As promised, this post will follow up on the previous post about learning to play expressively on the violin, or playing with emotion.

Remember, we draw from several sources to play expressively, or with emotion: intellectual, bow hand, and left hand. Other factors include our own psychology and state of mind, and I’ll address those in yet another post.

I often tell the story of a time I sat in my car, transfixed by a performance of “Meditation from Thais” by Massenet, played by Anne Sophie-Mutter. It bothered me greatly to hear the huge chasm between her playing and mine. I knew that piece by heart, I had a decent vibrato, I played in tune, played all the rhythms correctly. So why didn’t I sound just like her? That that was the beginning of finding the answer: asking the question.

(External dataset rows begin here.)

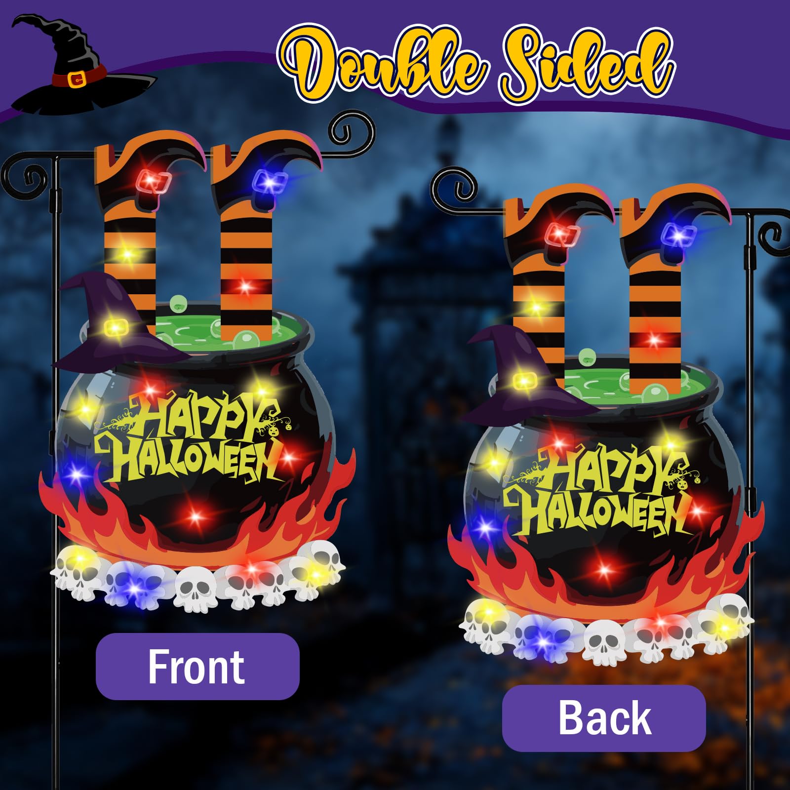 GOAUS Halloween LED Garden Flag Light Up Solar Powered, Witch Cauldron Decorations Outdoor, Double Sided Oxford Decorative Flag for Lawn Yard Outside Decor, 12x18 Inches
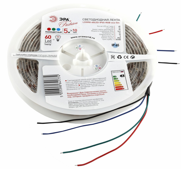 Лента светодиодная LS5050-60LED-eco 14,4Вт 12В RGBIP65 5м | Б0002347 | ЭРА
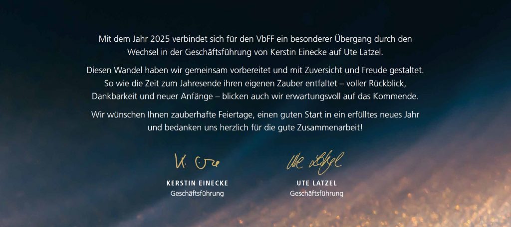 Herzliche Wintergrüße aus dem VbFF e.V. Isabelle Pietsch Aktuelles 18. Dezember 202519. Dezember 2025 Liebe Teilnehmende, liebe Kooperations-Partner*innen, liebe Mitarbeitende, vielen Dank für dieses gemeinsame Jahr! Wir wünschen einen erholsamen Jahresausklang und freuen uns schon auf die Zusammenarbeit 2026.
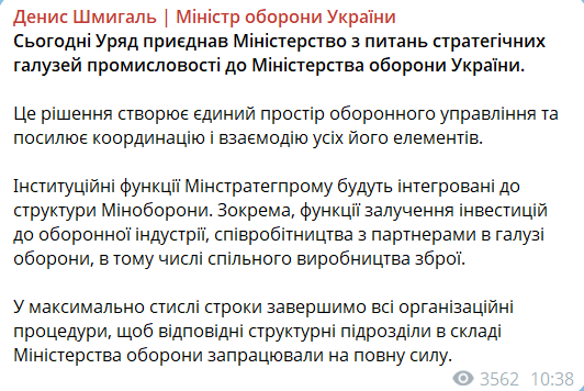 Минстартегпром присоединили к Минобороны, сообщил глава ведомства Денис Шмыгаль.
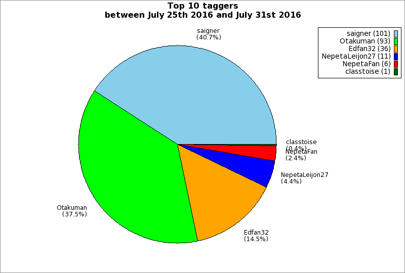 | Top 10 taggers between July 25th 2016 and July 31st 2016 | ||

I dismissed the fact that her instrument was superior, because I was sure if she picked up my violin and bow, she’d still blow me out of the water, so I knew it had to do with something in her right hand, or left hand, or both. As I began to pay more attention to all the invisible stuff, those things that are not written on the page, a picture started to emerge.

The Secret to Expressive Violin Playing

The secret to evoking that special expression from a violin is in tiny little inflections, or nuances of playing. They come from both the left hand and the right hand, but mostly the right. So let’s begin there.

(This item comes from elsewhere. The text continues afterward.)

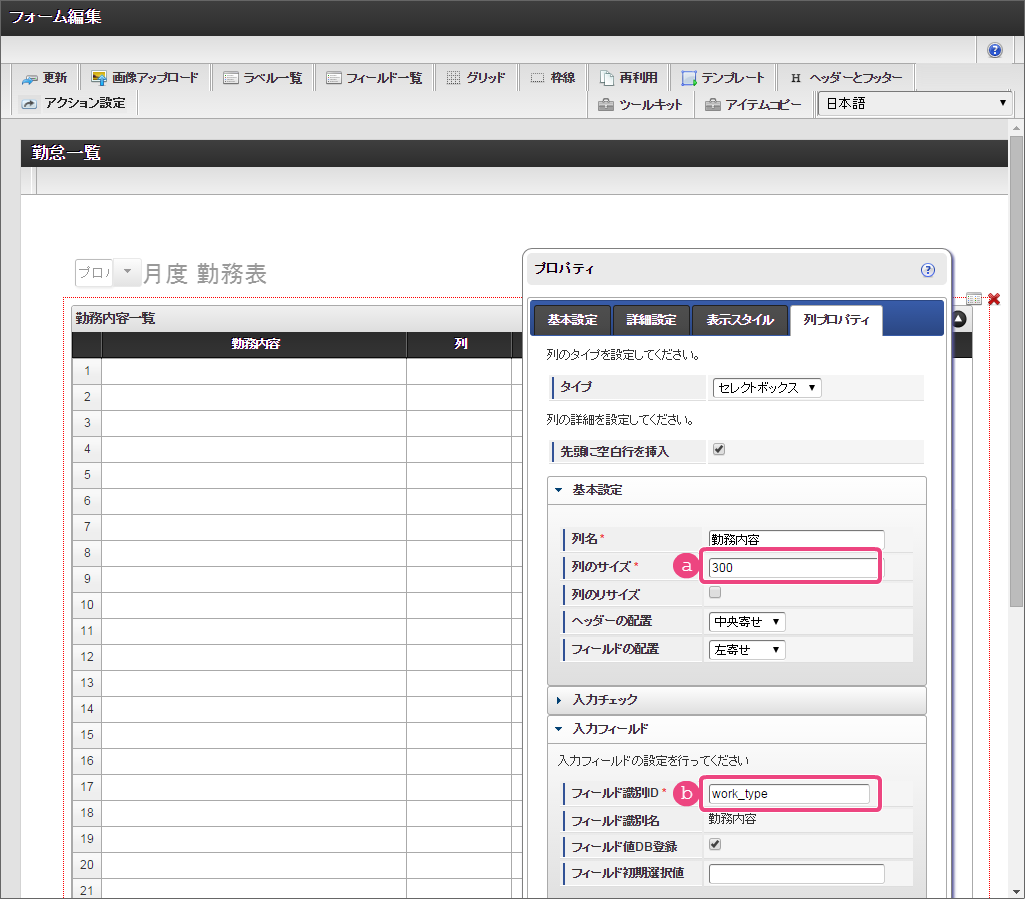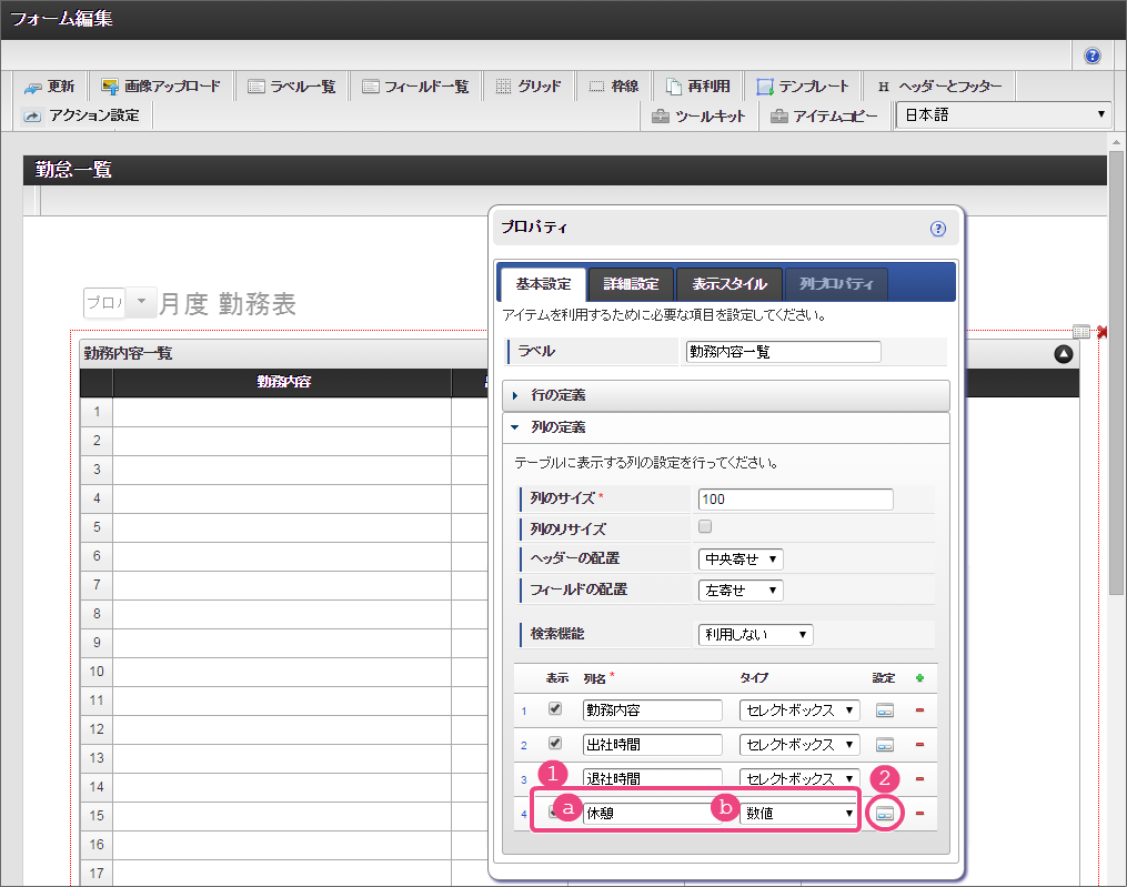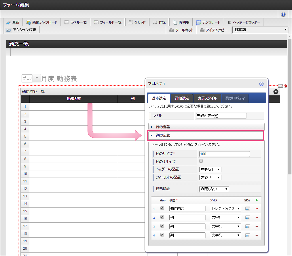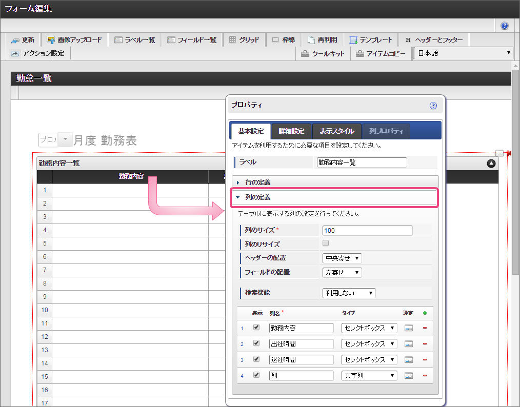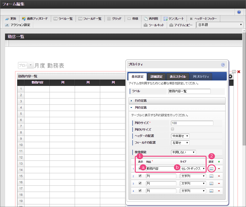 勤務内容の列の表示方法などを設定していきましょう。

You will learn little ways of pushing and tugging on certain notes.
What certain notes?
Well, to learn that requires a lot of time and lots of listening to the masters, trying to imitate them, to learn what notes to tug and lean on. I would recommend imitating the masters first, and eventually, you will develop your own intuition for phrasing.

Besides imitating the masters, I highly recommend singing the passage. This is a technique that is grossly underestimated in its ability to enlighten us as to phrasing. Our humanity relates to music….and by singing, we remove the barrier of the instrument, and it’s just us, naked in the music. Try it! Your voice knows what to do!

  • When you find yourself using more air, use more bow
  • When you find yourself sliding into a note, there is a great left hand opportunity
  • When you find yourself taking a breath of air, there’s another clue!

Let us go back for a moment to that “tugging” on special notes. Listen carefully to any simple tune played by a master violinist, and you will hear them working magic on certain notes. Just listen to something like the Bach-Gounod version of “Ave Maria”, or “Air in G” by J.S. Bach. These super-simple tunes can teach powerful lessons in expression.

That special tugging, or “leaning” comes from learning a good colle’, combined with a good loure’, and bow control. I spend a great deal of time teaching colle’, loure’, and expressive playing in my Suzuki Book 2 course, but you can find lots of information about these tools online as well.

My challenge for you after this article is to listen attentively to several performances of Bach-Gounod’s Ave Maria, Bach Air in G, or the Meditation from Thais. Your playing will never be the same!